Well, Banksy tattoos are pretty common so don’t worry too much. Also, Banksy once put up a bunch of collected photos up on his website of people with Banksy tattoos, meaning he is perfectly fine to use him as inspiration.
Has anyone put forth the theory that Banksy is not one person but a group of people?
Yes, although it’s been some time ago since somebody asked me this before. Banksy is one person but he works with a group of assistants (just like a lot of bigger artists, also street artists such as Shepard Fairey).
Do you believe Banksy and Mr. Brainwash are the same person?
No, they are not since Mr. Brainwash is an actual person and artists. You can follow his adventures on Facebook. What is also true is that he got famous AFTER Exit Through The Gift Shop so yeah, maybe all what Banksy is saying in the movie is true afterwards?
What makes you an authority on Banksy. I'm not attacking, just questioning. I see a lot of people ask you questions about authenticity etc.

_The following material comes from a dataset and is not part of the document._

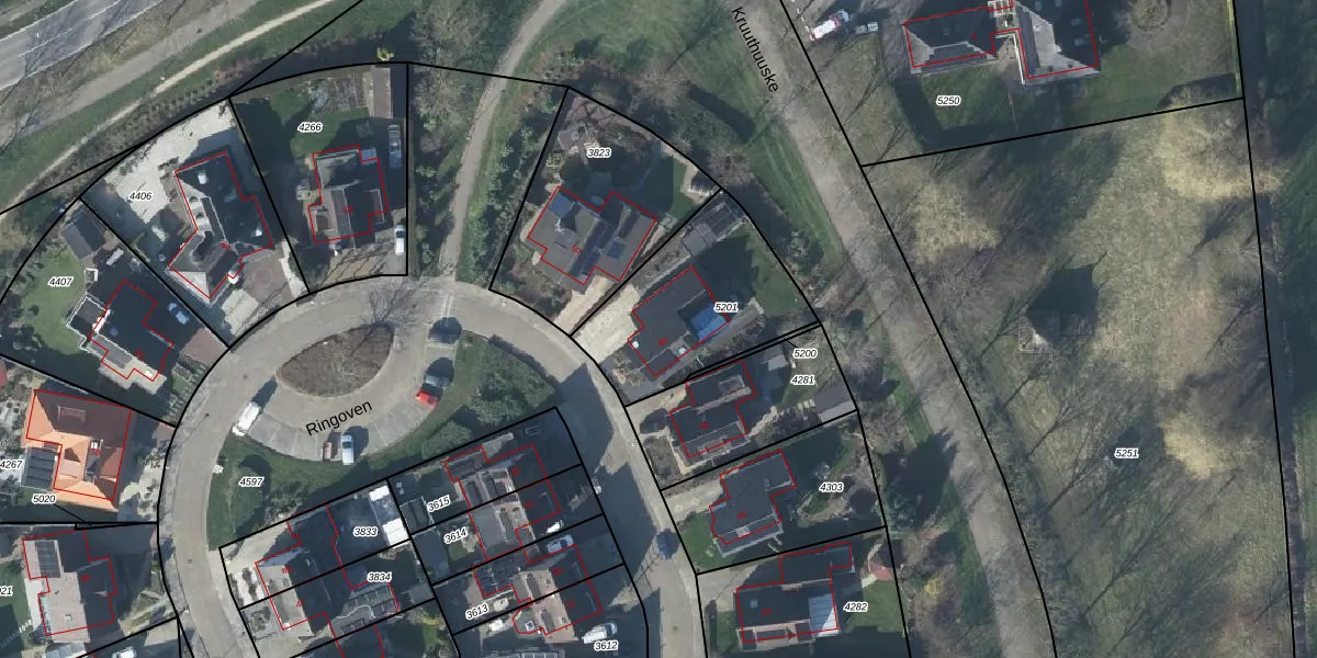 Het perceel waarop Ringoven 48 staat heeft een oppervlakte van 619 m². Dit is een groot perceel. De perceeloppervlakte wordt geregistreerd door het Kadaster. Gedetailleerde informatie over de maten van dit perceel kunt u vinden in het rapport Kadastrale kaart met maatvoering van Ringoven 48.

I don’t think I’m an authority on Banksy per se, although street art is my full time job (I organize art festivals and expositions and have worked with artists such as Aryz, Pixelpancho, Roa, David Walker, Daleast, etc). Besides that I have always been a big Banksy enthusiast ever since I was a teenager (which is +15 years ago) and been running this blog since 5 years or so.
Good and difficult question, it definitely grew steadily and not with a sudden hyped picture on the internet although I must add that internet definitely had a big positive impact on street art in general.

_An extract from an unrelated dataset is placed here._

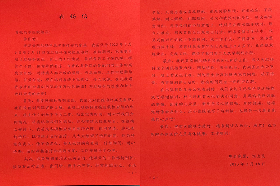 患者致:肛肠科全体医护
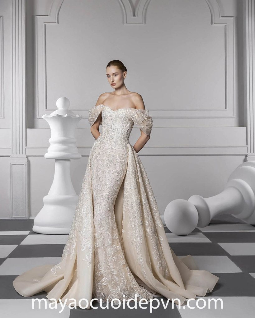VÁY CƯỚI ĐỘN VAI PHỒNG THU ĐÔNG 2024

Banksy switched from regular graffiti to stencil graffiti in +/- 1997, and since then his popularity has been grown day by day. I personally believe it’s because of the right message in the right time period since his art is mainly on anti-war, anti-capitalist or anti-establishment and apparently a lot of people shared his opinion on those topics in that time.

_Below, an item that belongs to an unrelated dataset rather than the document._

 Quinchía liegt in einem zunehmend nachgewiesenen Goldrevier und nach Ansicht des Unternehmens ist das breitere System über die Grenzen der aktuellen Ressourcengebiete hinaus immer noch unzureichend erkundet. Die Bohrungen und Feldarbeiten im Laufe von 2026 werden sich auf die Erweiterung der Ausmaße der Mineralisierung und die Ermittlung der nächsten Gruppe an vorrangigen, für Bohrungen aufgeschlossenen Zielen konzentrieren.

In 2003 he did an exposition with Shepard Fairey (also a huge name in street art world) and it only attracted 1,500 visitors. Afterwards he produced a quantity of spoof British £10 notes and those were quite popular, followed with another exposition called Barely Legal (with the infamous pink painted elephant). These last two interventions got huge press coverage and were picked up by the public very well.